# [Data shown]
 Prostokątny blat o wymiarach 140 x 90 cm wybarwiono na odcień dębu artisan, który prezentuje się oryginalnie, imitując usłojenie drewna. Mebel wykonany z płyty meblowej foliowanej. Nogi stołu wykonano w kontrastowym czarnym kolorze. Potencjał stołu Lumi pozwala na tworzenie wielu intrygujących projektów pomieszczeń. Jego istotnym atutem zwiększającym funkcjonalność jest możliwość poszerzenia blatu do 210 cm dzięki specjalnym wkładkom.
---
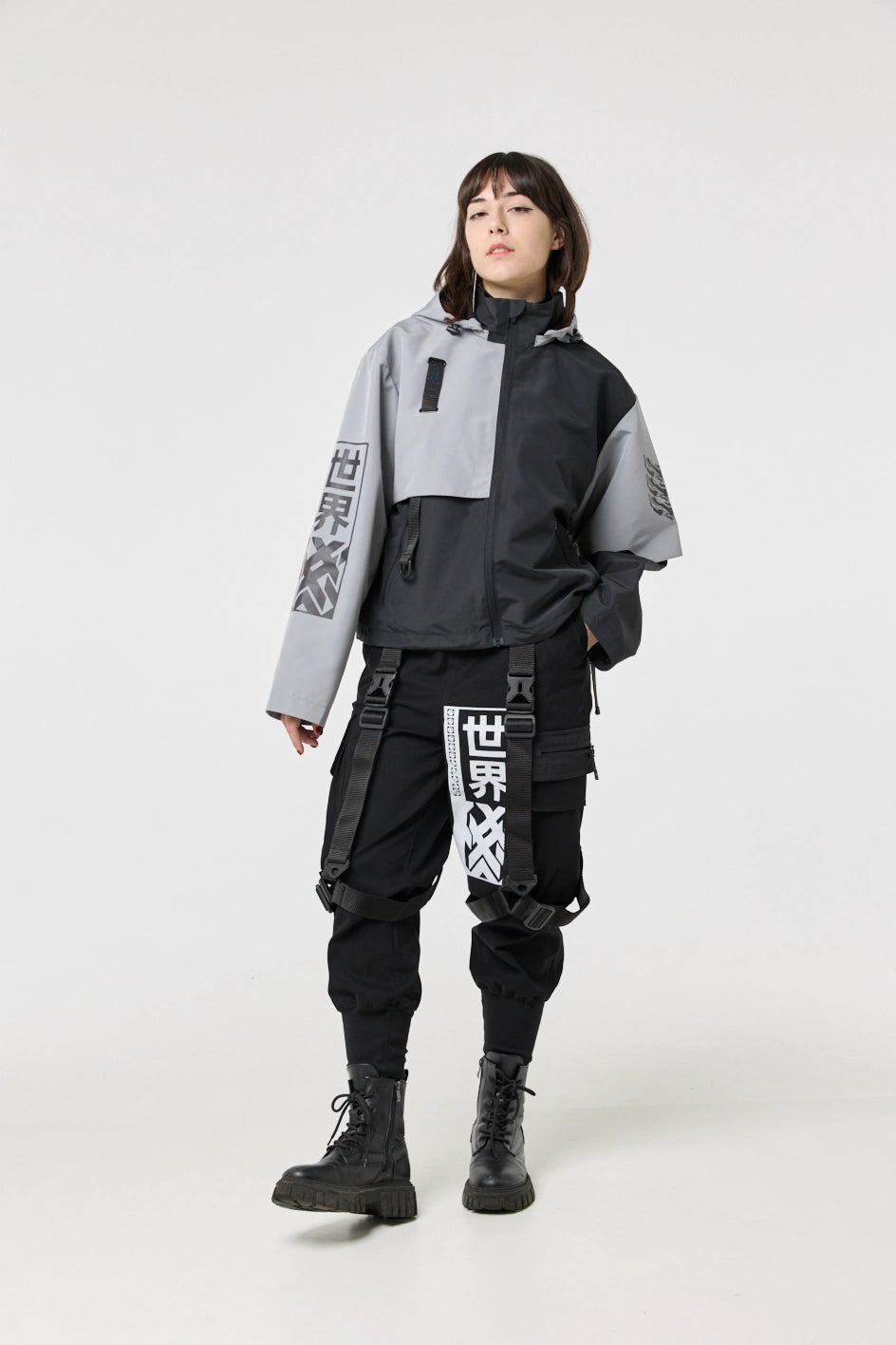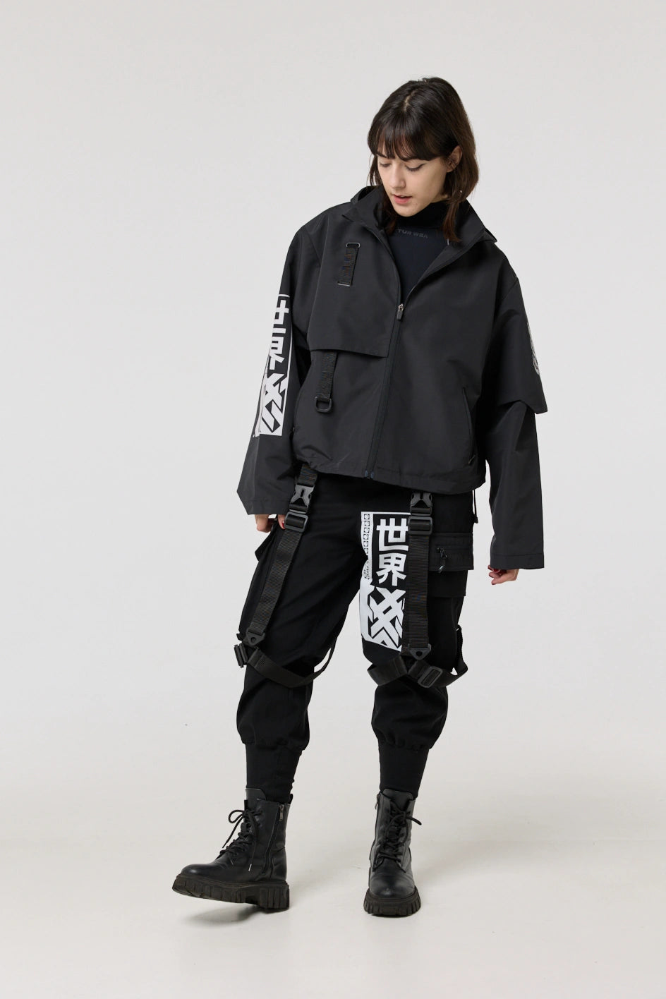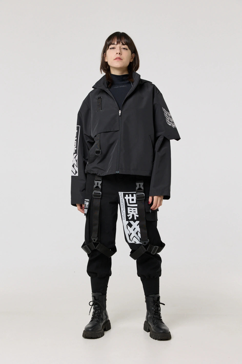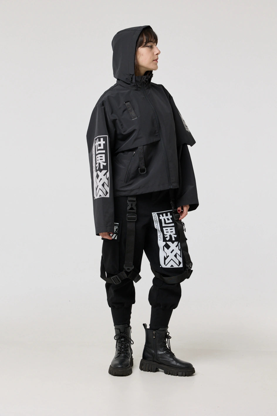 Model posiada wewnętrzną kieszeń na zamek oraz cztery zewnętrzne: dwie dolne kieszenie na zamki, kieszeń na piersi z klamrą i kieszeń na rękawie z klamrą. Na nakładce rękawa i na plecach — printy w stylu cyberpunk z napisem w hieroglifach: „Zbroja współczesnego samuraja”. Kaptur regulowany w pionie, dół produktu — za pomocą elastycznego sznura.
==
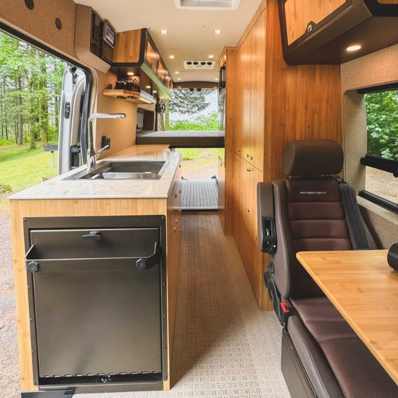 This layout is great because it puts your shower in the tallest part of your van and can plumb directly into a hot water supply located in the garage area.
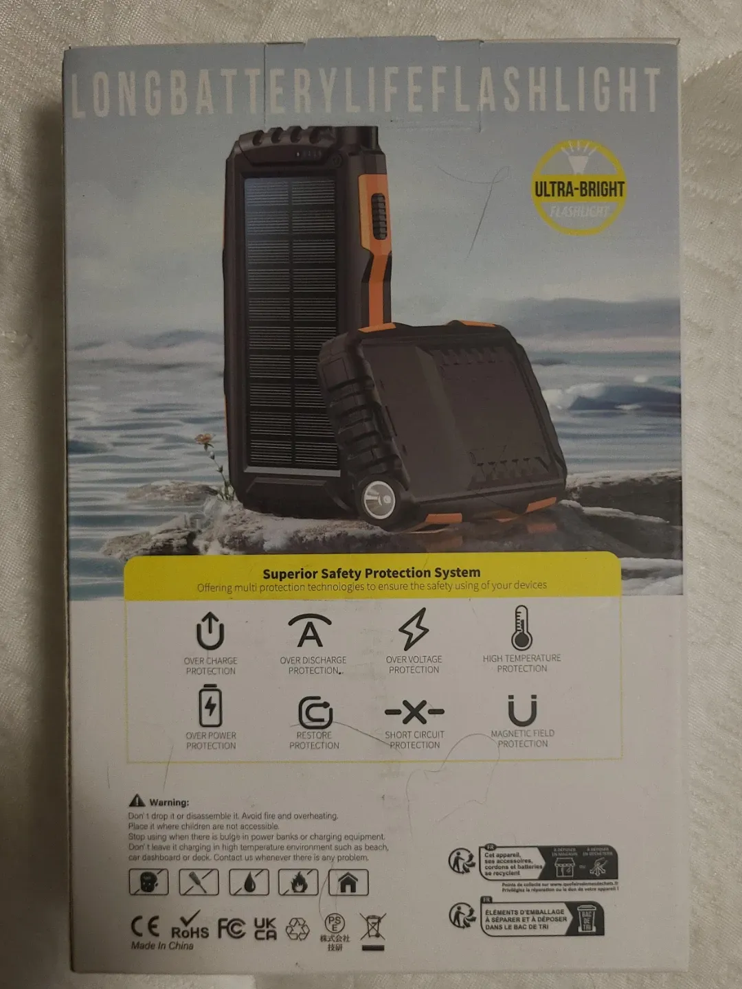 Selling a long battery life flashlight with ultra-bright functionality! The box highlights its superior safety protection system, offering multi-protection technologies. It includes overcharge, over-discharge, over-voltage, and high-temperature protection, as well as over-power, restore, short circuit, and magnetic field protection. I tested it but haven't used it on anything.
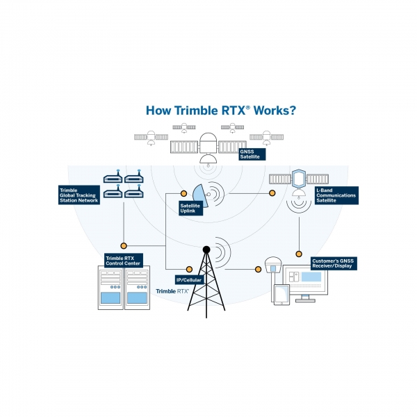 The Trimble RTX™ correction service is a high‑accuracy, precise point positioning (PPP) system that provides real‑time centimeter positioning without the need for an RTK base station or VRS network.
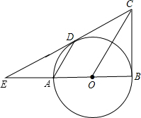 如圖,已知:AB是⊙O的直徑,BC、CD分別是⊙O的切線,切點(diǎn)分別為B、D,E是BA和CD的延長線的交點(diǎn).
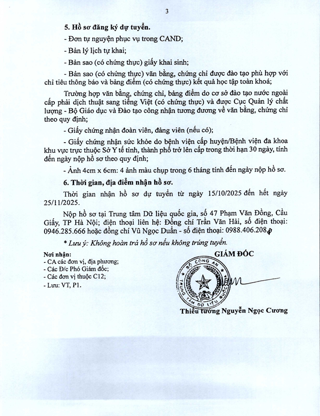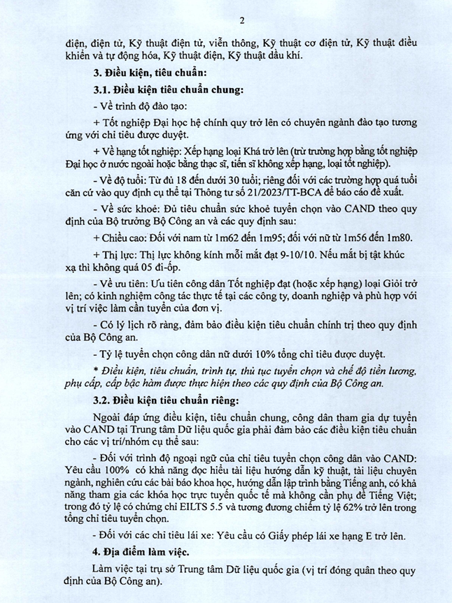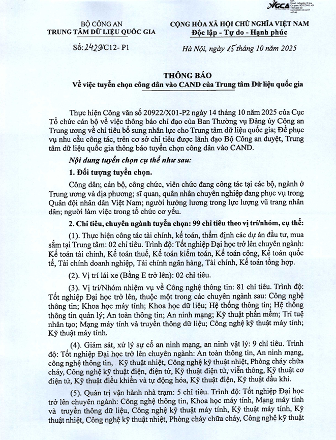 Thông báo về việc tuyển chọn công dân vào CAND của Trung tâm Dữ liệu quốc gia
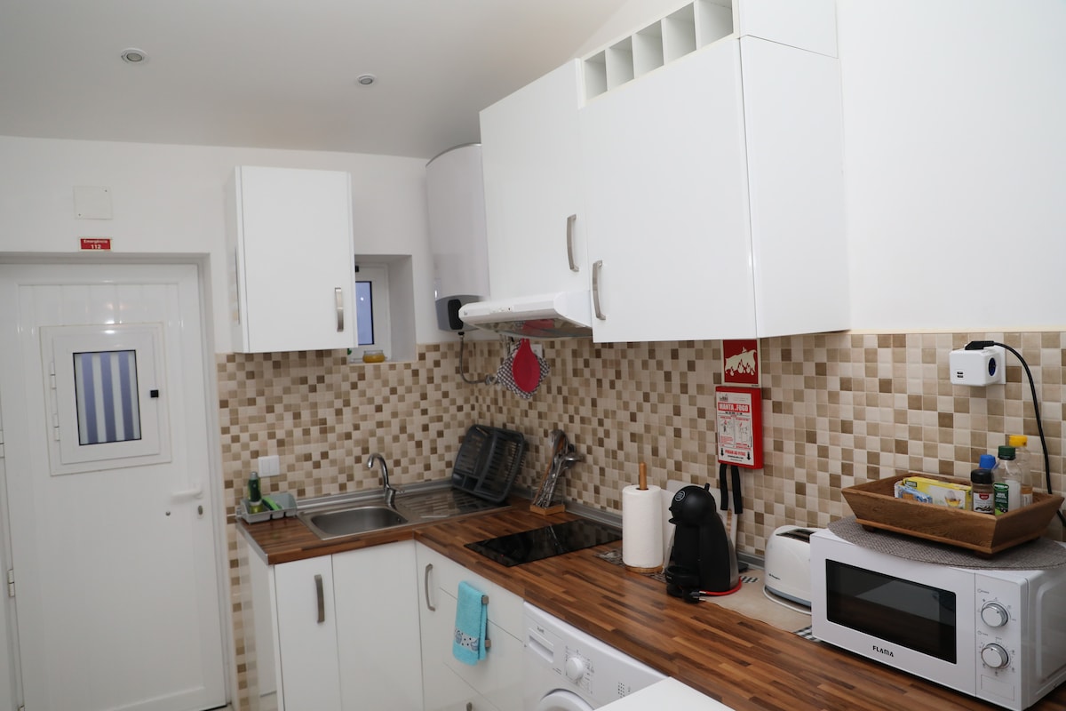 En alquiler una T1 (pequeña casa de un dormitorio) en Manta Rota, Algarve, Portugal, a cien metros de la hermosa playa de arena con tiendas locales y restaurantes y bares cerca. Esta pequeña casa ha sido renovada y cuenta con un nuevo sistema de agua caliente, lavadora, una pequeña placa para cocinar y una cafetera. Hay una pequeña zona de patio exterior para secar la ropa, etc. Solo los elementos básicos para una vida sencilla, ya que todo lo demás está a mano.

# [Activity]
Word for word, restate the lines above from the one with "This layout is" through the one with "The Trimble RTX™", keeping both ends and dropping the pictures.

# [Task response]
 This layout is great because it puts your shower in the tallest part of your van and can plumb directly into a hot water supply located in the garage area.
 Selling a long battery life flashlight with ultra-bright functionality! The box highlights its superior safety protection system, offering multi-protection technologies. It includes overcharge, over-discharge, over-voltage, and high-temperature protection, as well as over-power, restore, short circuit, and magnetic field protection. I tested it but haven't used it on anything.
 The Trimble RTX™ correction service is a high‑accuracy, precise point positioning (PPP) system that provides real‑time centimeter positioning without the need for an RTK base station or VRS network.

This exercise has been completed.